Don't want that either. I don't give orders and I don't take them.


----------



## sparkyjim (Sep 22, 2012)

Joey2k said:


> I have no interest in taking charge and being an "alpha" male, but I do want a regular sex life. Are these things mutually exclusive? Should I just not bother with relationships if I have no interest in "taking charge"?


From your other post (taking orders - giving orders) I am wondering what your definition of Alpha male is...?

AN Alpha male is not a dictator. You don't just tell someone else what to do.

It is more about being a leader. It is more about being a leader and having a goal - and a clue...

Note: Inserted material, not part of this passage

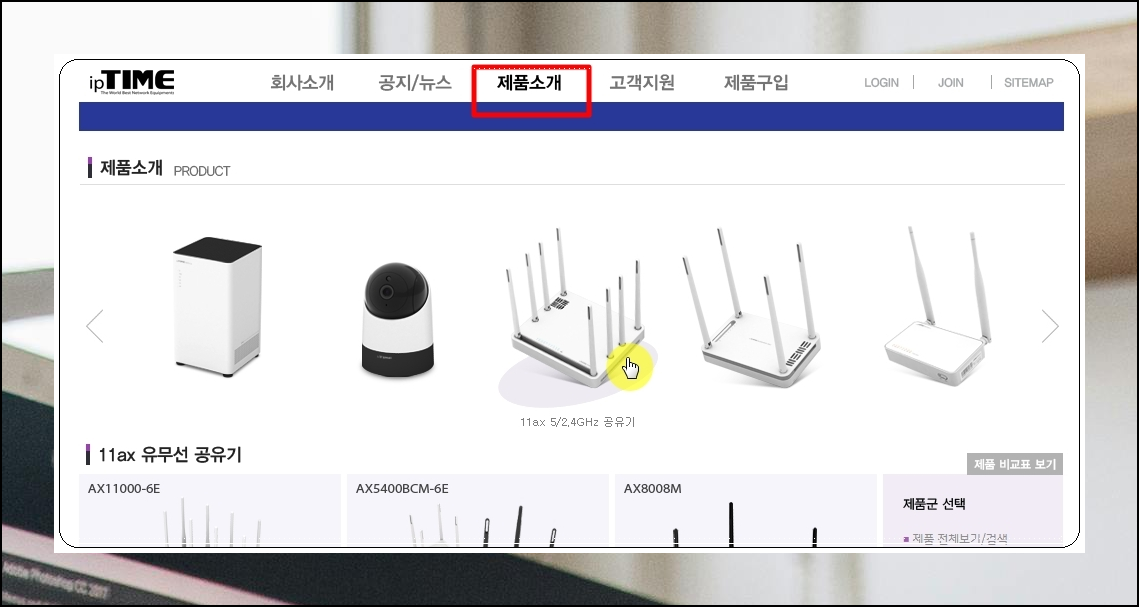 iptime 사이트에 접속하면 설치도우미를 다운 받기 전에 메뉴에서 [제품 소개]를 선택해 주세요. 그 다음 자신이 사용하는 유무선 공유기 또는 기타 기기를 선택합니다.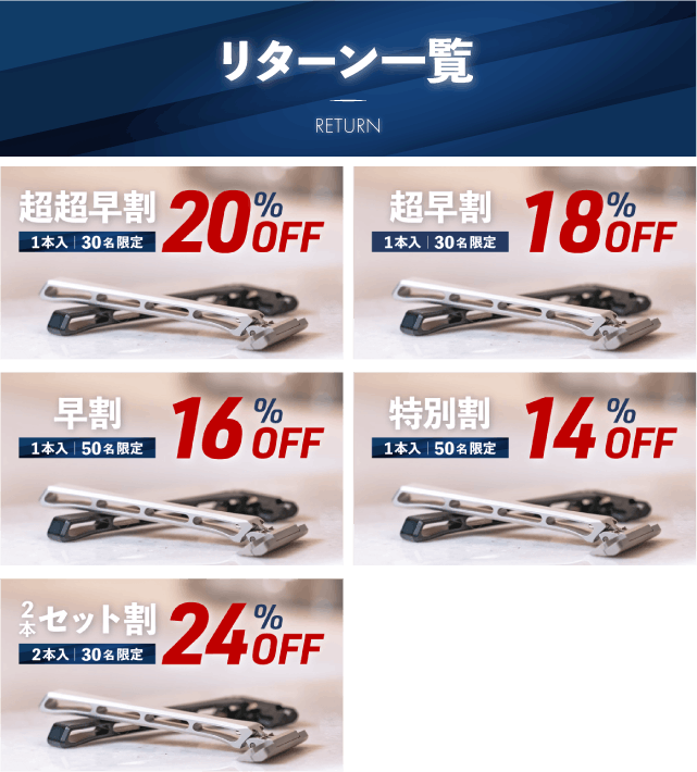※ リターン品の配送が完了するまでSANGO Trading合同会社はHigh Proof Razor社の日本における独占販売権を有する正規代理店です。輸入並行品が発生する可能性がございますが、並行輸入品には正規代理店による製品サポートを受けることができません。 また、正規代理店を通じて購入することで、日本国内での流通に必要な各種認証の取得や、関税の適切な処理が担保されます。

the OP is referencing someone who is reluctant to lead. he is talking about someone who's feelings mean more to him than having a sex life. In effect- "I don't want to be rejected because that hurts my sensitive feelings, so I will ask if it is okay to approach my mate for sex."

the Alpha male thinks ... "There's my mate. It must be time for sex..."


----------



## jorgegene (May 26, 2012)

Joey2k said:


> I have no interest in taking charge and being an "alpha" male, but I do want a regular sex life. Are these things mutually exclusive? Should I just not bother with relationships if I have no interest in "taking charge"?

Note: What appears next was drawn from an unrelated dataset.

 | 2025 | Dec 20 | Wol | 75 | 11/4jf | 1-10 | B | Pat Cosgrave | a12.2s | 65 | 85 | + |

No. you need to find a gal or wife that is horny and you need to keep yourself in shape so she's horny for you.

I almost never ask or even suggest. I wait for her to give subtle hints (sometimes not so subtle) and then..........

Course as this thread suggests every woman is different, but their is a type of woman that is horny. I found one, and she's not dominant or even young, but just horny.


----------



## Chris Taylor (Jul 22, 2010)

Joey2k said:


> I have no interest in taking charge and being an "alpha" male, but I do want a regular sex life. Are these things mutually exclusive? Should I just not bother with relationships if I have no interest in "taking charge"?


It depends on how your partner perceives you. If she's looking for a take-charge guy, in and out of bed, and you're wishy-washy and not assertive enough, it will turn her off. If she's more assertive herself you may fit better.


----------



## Married but Happy (Aug 13, 2013)

Sometimes subtlety just won't do! When I'm the hammer to her cheap cut of meat, it makes her tender (in both senses).


----------